2010年6月24日 ジェンダー平等

国際会議「女性のエンパワーメント」開かれるヨーロッパから見た日本の女性(ヨーロッパと日本)2010年6月12日 東京から

国際会議で発言するデ・ラ・ベガさん(12日)

国際会議で発言するデ・ラ・ベガさん(12日)

在京のヨーロッパ 諸国大使館などの共催で国際会議が開かれました。この会議は、スペインがEU議長国になったことをきっかけに催されたもので、そのテーマは「女性のエンパ ワーメント 政治、経済、文化から探る、ヨーロッパと日本の女性のエンパワーメントの挑戦と可能性」。日本とヨーロッパ(スペイン、オランダ、ノル ウェー、ドイツ)から専門家が参加して議論しました。パネリストの一人に、国連女性差別撤廃委員会(CEDAW)の委員として昨年の第6次日本報告審議を 担当したスペインのソレダ・ムリージョ・デ・ラ・ベーガさん。

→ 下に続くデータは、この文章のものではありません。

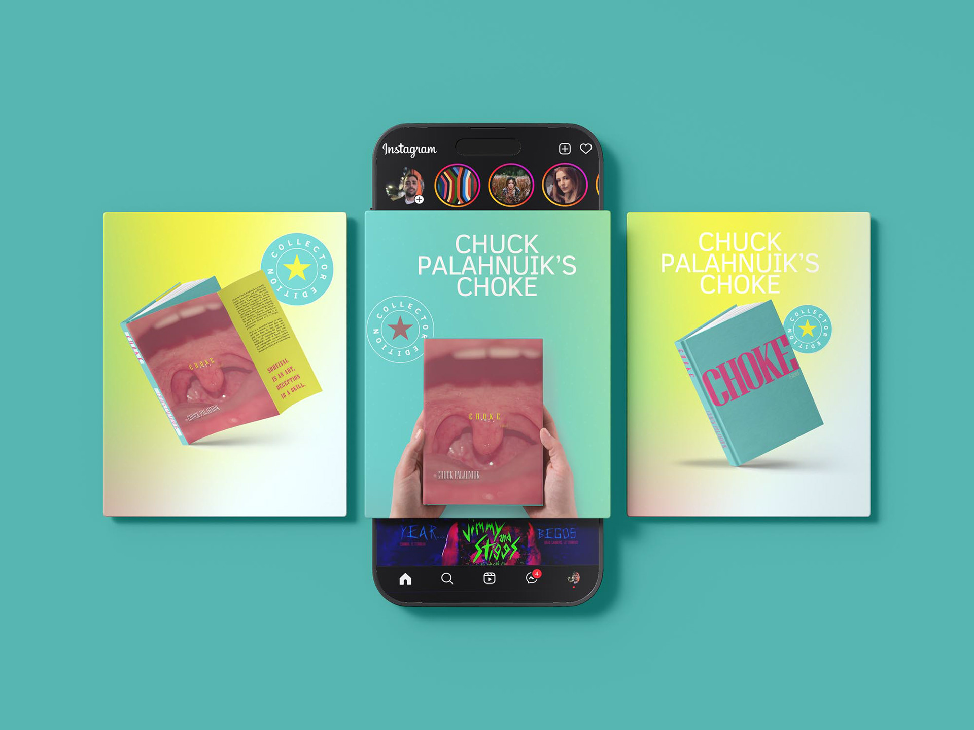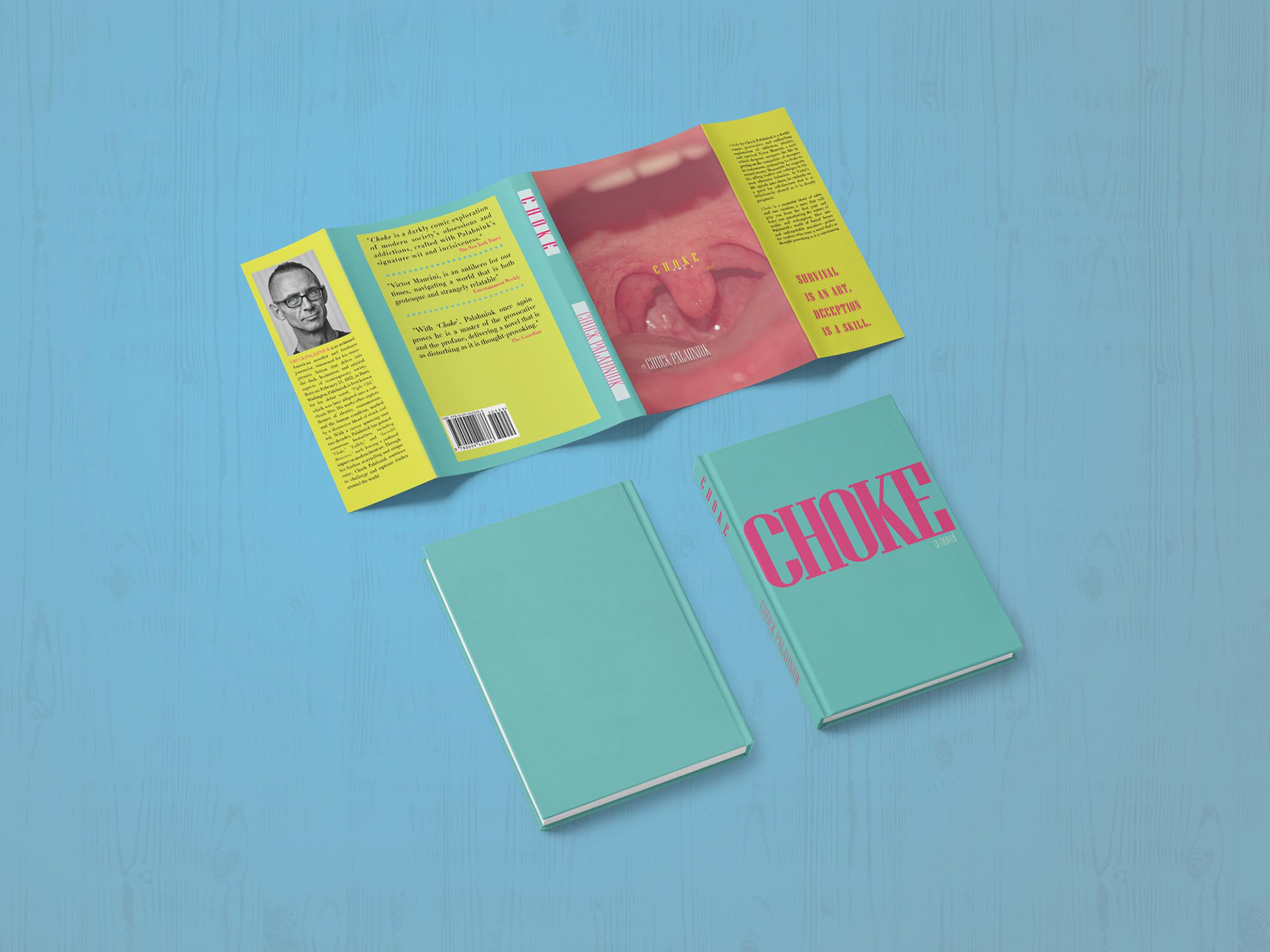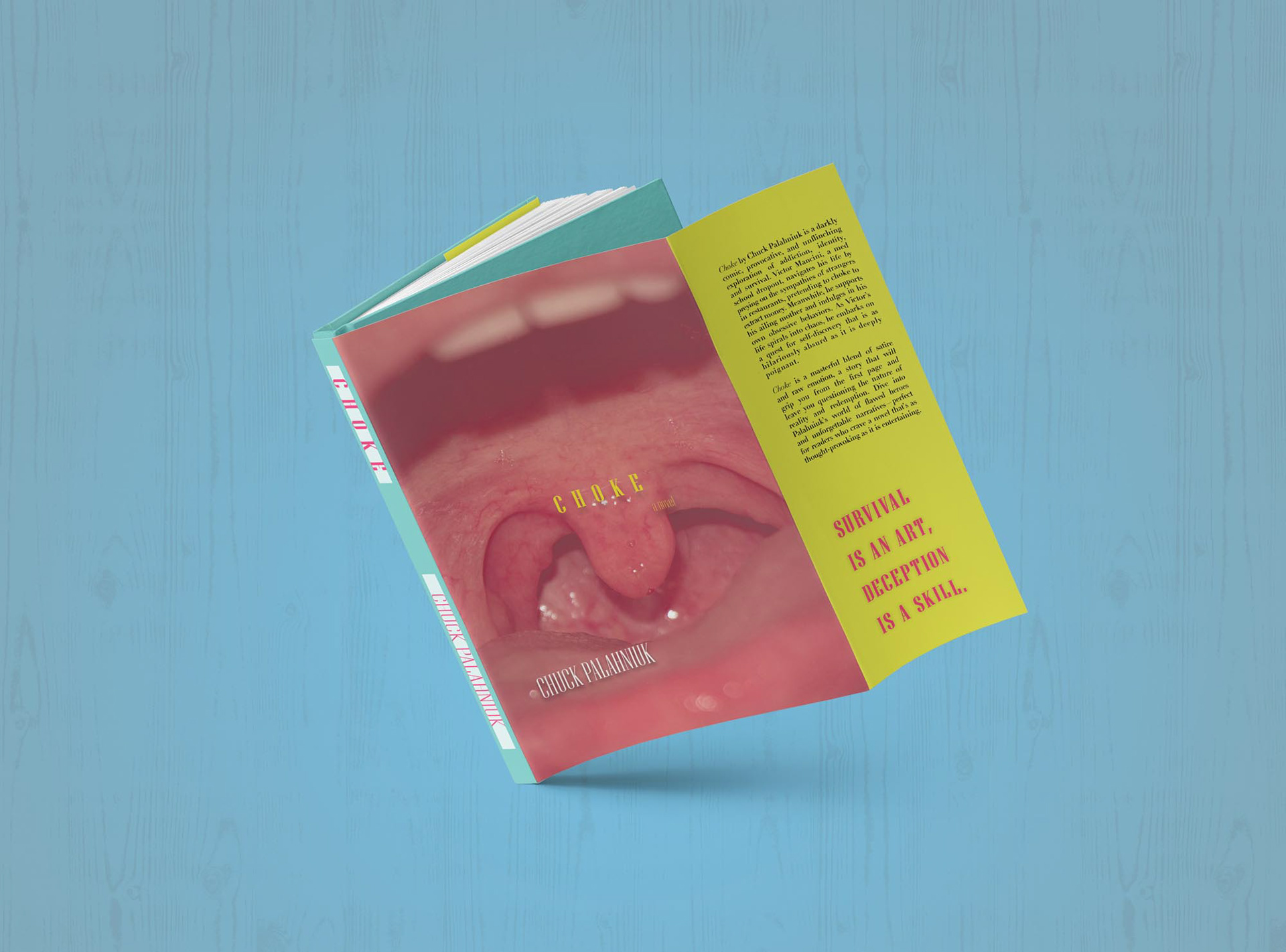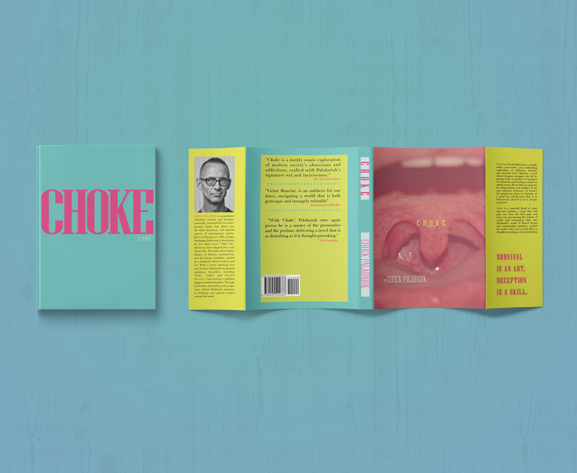 This conceptual book cover and dust jacket design for Choke embraces a raw, provocative aesthetic that reflects the novel’s dark humor, themes of self-destruction, and satirical edge. The close-up of a mouth serves as an unsettling yet compelling visual, reinforcing the book’s exploration of addiction and compulsion. A vibrant cyan and yellow color palette contrasts sharply with the visceral imagery, adding an ironic playfulness that mirrors Chuck Palahniuk’s signature tone. The bold, condensed typography enhances the chaotic energy of the narrative, ensuring the design feels as provocative as the story itself. The dust jacket design extends this bold aesthetic, featuring critical reviews, a strong typographic hierarchy, and a striking back flap statement: “Survival is an art, deception is a skill.” Together, these elements create a visually arresting and conceptually rich interpretation of the novel, balancing discomfort and intrigue to draw readers into its unfiltered world.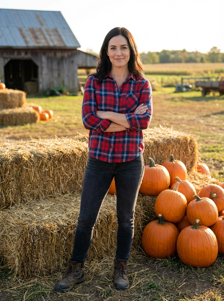 model at farm harvest scene, hay bales and pumpkins, flannel shirt, rustic autumn setting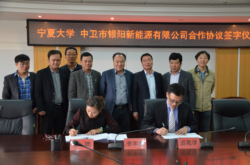 2014年5月9日,av狼 、中卫市银阳新能源有限公司合作协议签字仪式在av狼 A区主楼13楼会议室举行。中卫市银阳新能源有限公司副总裁占远清、总裁助理狄红祥,av狼 副校长张成、科技成果转化中心主任刘成敏、副主任贺海明、宁夏光伏材料重点实验室主任李进、副主任何力军等参加了仪式。占远清、李进分别代表双方签字。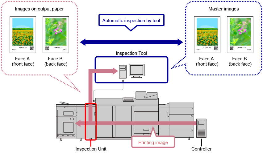 The Inspection Tool is software that is used to perform inspection of output paper. The Inspection Tool can perform the following tasks.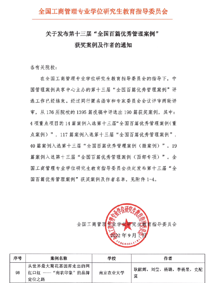 2022年8月15-16日,在全国工商管理专业学位研究生教育指导委员会的指导下,第十三届“全国百篇优秀管理案例”评选专家评审会顺利召开并揭晓了最终评选结果。437必赢会员中心耿献辉教授、刘莹老师、杨璐副教授、李杨果、史配萁等师生联合开发的教学案例“从世界最大菊花基因库走出的网红口红——‘南农印象’的品牌定位之路”从全国900余篇投稿案例中脱颖而出,成功入选第十三届“全国百篇优秀管理案例”之一。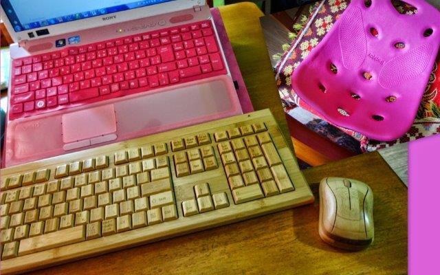 手触りのよい竹製のBluetoothキーボードとマウス、画面の高さを上げるイケアのPCボード、東急ハンズにあった姿勢矯正クッションのバックジョイです。 完全武装した、無敵の翻訳者への第1歩なるか。 ASKSiddhi 2014 Photo Gallery

スペインの男女平等事情とCEDAW委員として感じた日本の審議での印象を聞きました。

スペインの男女平等事情

ソレダ・ムリージョ・デ・ラ・ベガ スペイン・サラマンカ大学教授 国連女性差別撤廃委員会

ソレダ・ムリージョ・デ・ラ・ベガ
スペイン・サラマンカ大学教授
国連女性差別撤廃委員会

政権交代が行われた04年から08年、私は政府の男女平等事務局長を務めました。男女平等と女性の政治参加をすすめたいと、「男女平等法」や「ジェンダー暴力禁止法」の策定にかかわってきました。
私はもとも医学部専攻でしたが、ある精神科医と出会い、女性が直面する問題は個人の問題ではないことを知ったのです。「女性のうつ病は、女性が自分らしく生きられない。自分の運命を自分で決められない状態におかれていることが原因なのだ」との彼女の言葉は私の女性観を大きく変え、社会学部に転向し、ジェンダー問題の研究者になったのです。
「男女平等法」は、労働分野をはじめ、社会全般に及ぶもので、公職の選挙において政党の候補者は一方の性が40%を下回ってはならないと定めました。経済活動でも、政府との取り引きを行う企業については、役員を占める女性の割合を40%以上にするよう求めています。また、男性が父親としての家庭責任を実現できるようにするため、父親休暇を所得できる権利を付与したのも大きな特徴で、父親が家庭責任を負わないことは違法だとしています。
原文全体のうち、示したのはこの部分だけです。